If the trial court’s record had revealed matters adequately supporting EDS’s claims of prejudice, the court’s having taken judicial notice of its record could have sufficed. See Marble Slab Creamery, Inc. v. Wesic, Inc., 823 S.W.2d 436, 439 (Tex. App.—Houston [14th Dist.] 1992, no writ) (noting that trial court’s taking judicial notice of application to compel, opponent’s response, and record of case sufficed to provide “ample evidence” supporting waiver conclusion because same subject matter and parties involved). But the record did not contain information adequately showing prejudice. And EDS put on no other evidence—by affidavit, testimony, or otherwise—of prejudice resulting to it from Williams’s complained-of actions.
Accordingly, we hold that EDS failed to carry its heavy burden of showing actual prejudice because it offered no evidence in support. Waiver was EDS’s sole defense to Williams’s arbitration motion. Therefore, regardless of what standard of review applies to the determination of prejudice, the trial court erred in denying Williams’s motion to compel arbitration.

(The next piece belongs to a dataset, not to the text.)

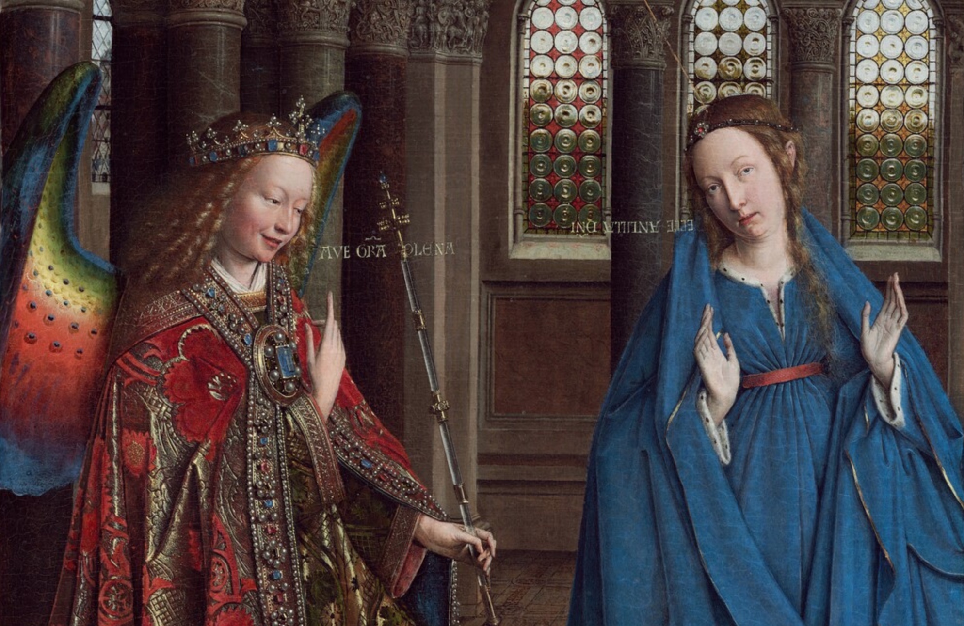 Ingen kan ta miste på Jan van Eycks intellektuella utförsgåvor. Hans måleri äger kanske inte den psykologiska laddningen som hos Rogier van der Weyden eller Hugo van der Goes, men han är i mina ögon den förste briljante minimalisten i konsthistorien, vilket särskilt bevisas här i det himmelska sändebudets minutiöst detaljerade praktmantel och skinande kristallstav.

Given the state of the record, none of the cases on which EDS relies requires a contrary holding.
Accordingly, we sustain Williams’s sole issue.
Conclusion
We reverse the order and remand the cause with instructions for the trial court to compel arbitration of EDS’s claims on which Williams sought to compel arbitration.
Tim Taft
Justice
Panel consists of Justices Taft, Keyes, and Higley.